§ **What you are asked to do**:
Using the data below, reproduce exactly the lines from the line with "spatule. | ![]() |" to the line with "This curly textured", both included; pictures must be dropped.

------------------------------------

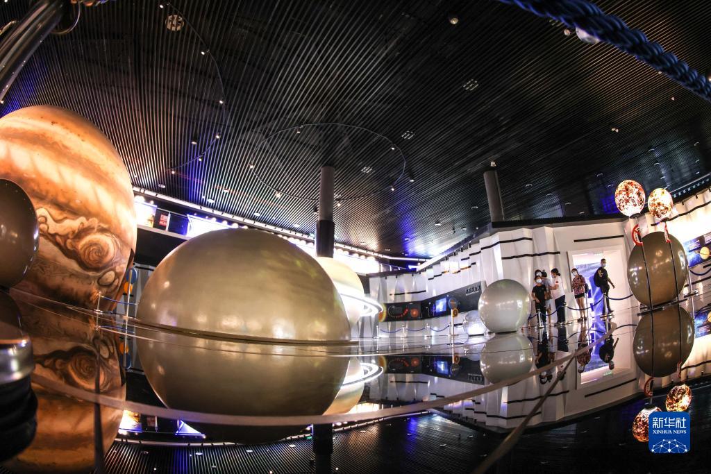 2022年7月20日,參觀者在天文體驗館內參觀。
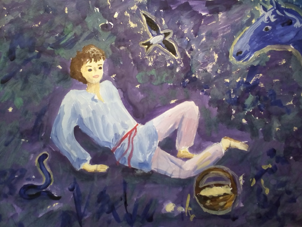 Начинал плести из золотой проволоки венцы на голову для девушек –все только ахали, слепил из глины кувшин для матери – за водой ходить – красоты необыкновенной, и вода в том кувшине всегда была свежая. Пойдёт объезжать коня – даже самый дикий конь его слушается. А коли у коня или коровы болячка вскочит, только Кастусь руку приложит – всё проходит. И любил Кастусь животных и птиц – всем помогал. Уж такая добрая у него была Душа.
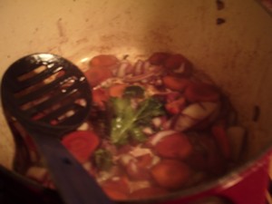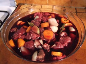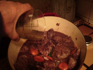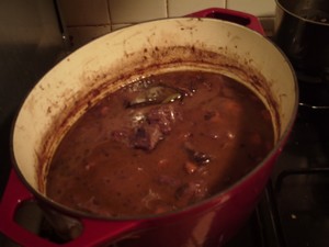 | 5. Mouiller avec la marinade, le fond de veau. Porter à ébullition puis couvrir la cocotte. et mettre au four (thermostat 180°C) pendant 2h. A mi-cuisson rajouter le chocolat. Durant la cuisson, remuer plusieurs fois avec une spatule. | ![]() |
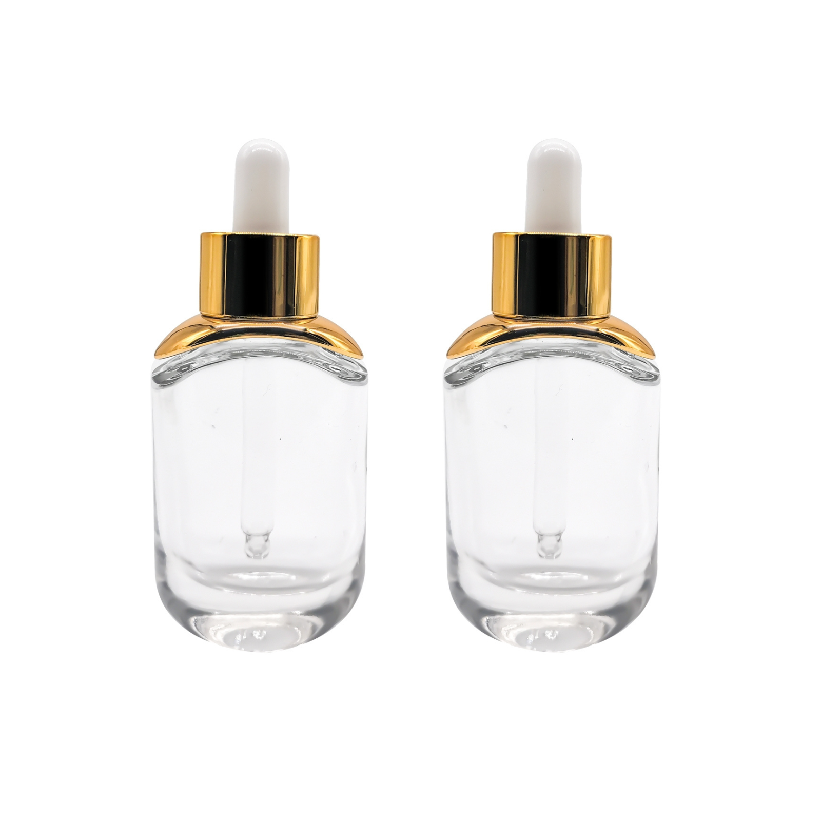Lyana Sticla transparenta cu pipeta si capac alb-auriu 30ml - set 2 buc
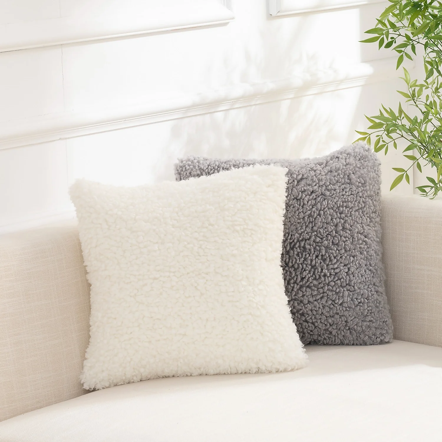 This curly textured cream faux alpaca cushion gives a super soft feel and is a perfect cuddly companion for those chilly winter evenings on the sofa.
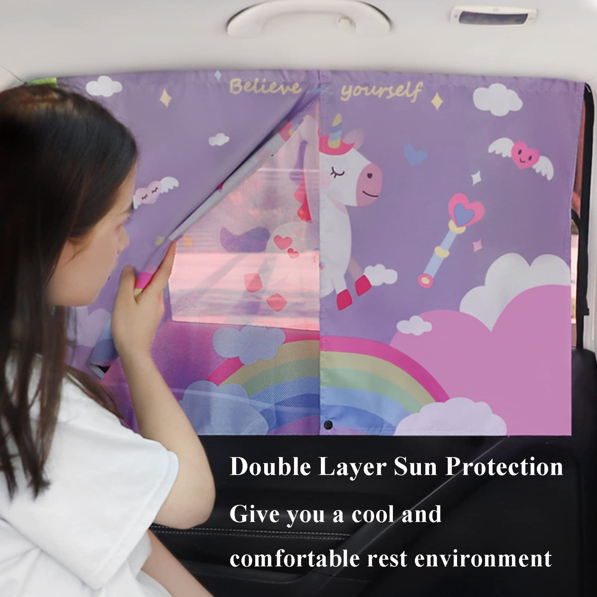 Features: --- Make Sure to Check Your Car Side Windows or Door before Purchasing. It works for Metal Framed Window and Metal Framed Door which Magnet can attach. Metal framed covered with rubber or plastic, the power of magnets decreased so it can not attach to window frame or car frame. --- Don't know your car door or window frame is compatible? You may test with refrigerator magnet! --- Want to enjoy outside view? You can simply tie the sunshade curtains with the built in strap when it does not need. Also, you can roll down the side window without taking off the curtain to get some fresh air. Keep it in your car as your favorite car accessories or travel accessories. Specifications: 1. Suitable for vehicles of all models. 2. Blocking the strong ultraviolet radiation of the summer sun, but does not hinder your view, does not affect your view of the beautiful scenery outside the car. 3. Anytime, anywhere, you can install and collect as you wish. 4. Effectively block heat, maintain the balance of air conditioning inside the car, reduce the fuel consumption caused by air conditioning. 5. Only take 3 seconds to install, disassemble, no tools, super strong flexibility. Type: Cartoon magnetic sun shade Material: Pongee + polyester taffeta Size: About 68*50cm

------------------------------------

§ **Reply**:
 | 5. Mouiller avec la marinade, le fond de veau. Porter à ébullition puis couvrir la cocotte. et mettre au four (thermostat 180°C) pendant 2h. A mi-cuisson rajouter le chocolat. Durant la cuisson, remuer plusieurs fois avec une spatule. | ![]() |
Lyana Sticla transparenta cu pipeta si capac alb-auriu 30ml - set 2 buc
 This curly textured cream faux alpaca cushion gives a super soft feel and is a perfect cuddly companion for those chilly winter evenings on the sofa.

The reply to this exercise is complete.